3. The shelving system of claim 1, wherein at least two of said suspension inserts corresponding to at least one of said shelf units further include retaining projections projecting inwardly into said bores so as to engage recesses in said support rods, thereby fixing a vertical position of said at least one shelf unit.

4. The shelving system of claim 1, wherein each of said shelves is formed with hollow supports of closed cross-section extending substantially continuously between said open ends.

5. The shelving system of claim 4, wherein at least one of said hollow supports of at least one of said shelves features an intermediate reinforced portion having an internal wall subdividing said closed cross-section, said internal wall extending along the direction of extension of said hollow supports.

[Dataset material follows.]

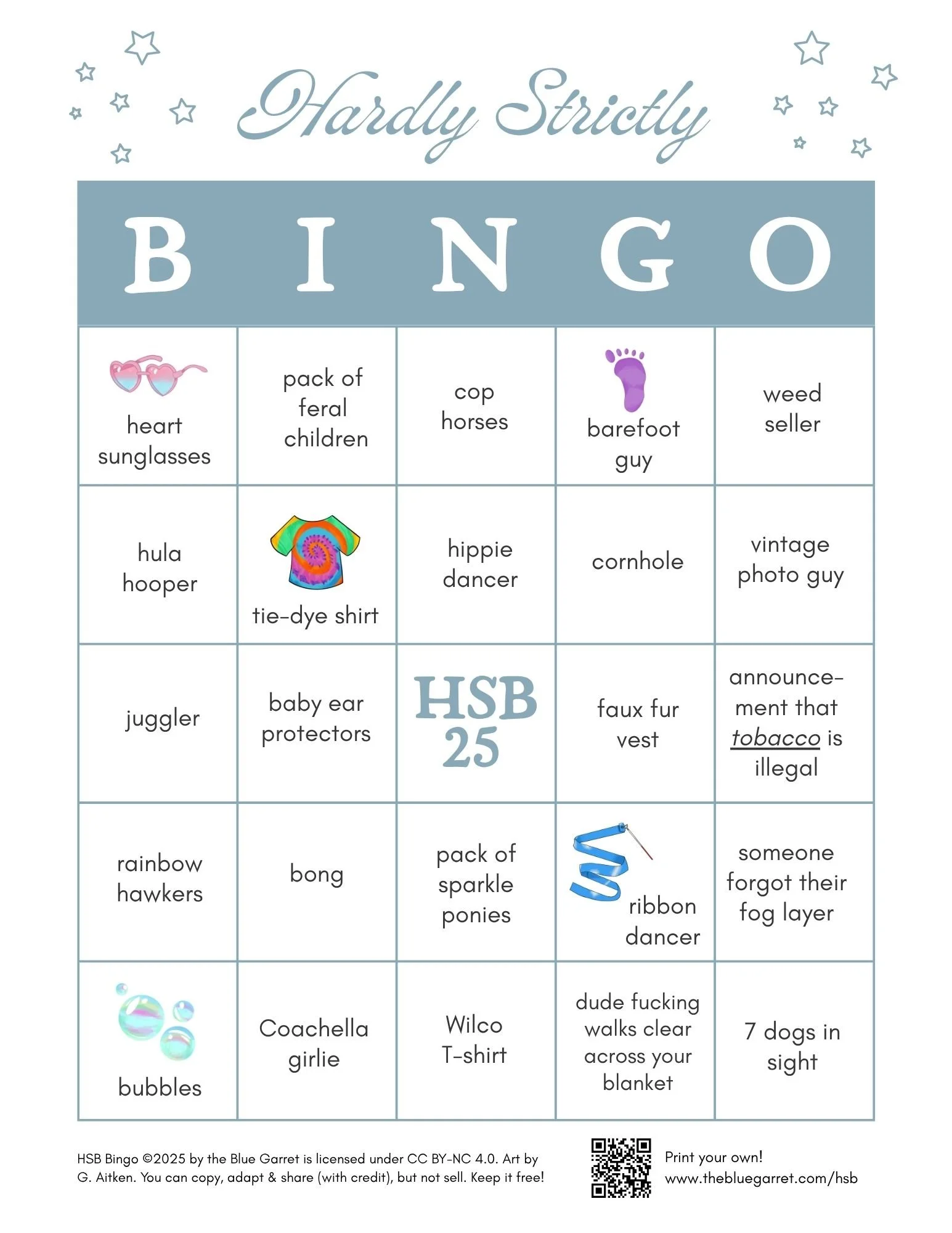 HSB Bingo © 2025 by The Blue Garret is licensed under CC BY-NC 4.0. Art by G. Aitken. You can print, copy, adapt & share (with credit), but not sell. Keep it free!

6. The shelving system of claim 4, wherein said hollow supports of at least one of said shelves feature an intermediate portion, and wherein the area of said closed cross-section varies along the length of at least one of said hollow supports, having a larger value adjacent to said open ends than within said intermediate portion.

7. The shelving system of claim 4, wherein each of said shelves features at least three of said hollow supports including a front support, a rear support and an intermediate support, each of said supports having a depth, said depth of said intermediate support being less than about half of said depth of said front and rear supports.

8. The shelving system of claim 7, further comprising a clip-on drawer assembly configured for attachment to said shelf units, said drawer assembly including a drawer, said drawer having dimensions such that it can be packed between two of said shelves when placed in abutment for storage without increasing a gross volume occupied by said two shelves.

9. The shelving system of claim 1, further comprising:

(a) a drawer frame configured for snap-on attachment to the underside of one of said shelves; and

(b) a drawer slidably receivable within said drawer frame.

10. The shelving system of claim 9, wherein at least one of said shelves and said drawer frame feature corresponding attachment holes, the system further comprising a plurality of snap-in flexible rivets snapably receivable within corresponding attachment holes of said at least one of said shelves and said drawer frame for attaching said drawer frame to one of said shelves.

11. The shelving system of claim 10, wherein each of said flexible rivets has a central bore, the system further comprising a plurality of locking pins to be inserted into said central bores after attachment of said drawer frame, said locking pins being configured so as to limit deformation of said flexible rivets, thereby preventing their removal.